Exercise aim: Look for the line that has "ถนนผานหลงกู่ต้าอว" in the material below; please repeat it and every line after it, exactly, up to and including the line that has "பட்டப்படிப்பு பயிலும் மாணவ, மாணவிகளுக்கு", and nothing else.

Records to use:

......

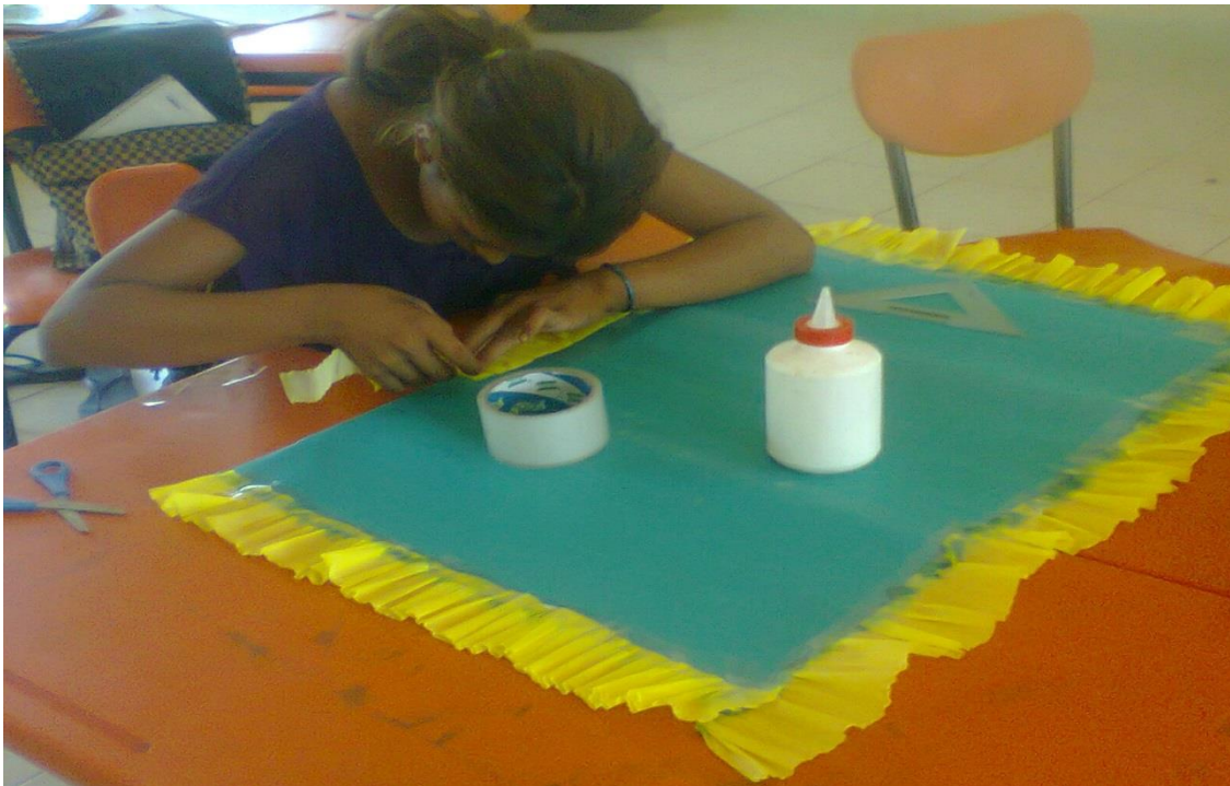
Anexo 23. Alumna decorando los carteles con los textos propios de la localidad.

......

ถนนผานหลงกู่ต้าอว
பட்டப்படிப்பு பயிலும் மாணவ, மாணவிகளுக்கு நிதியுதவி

......

Solution to this exercise:
ถนนผานหลงกู่ต้าอว
பட்டப்படிப்பு பயிலும் மாணவ, மாணவிகளுக்கு நிதியுதவி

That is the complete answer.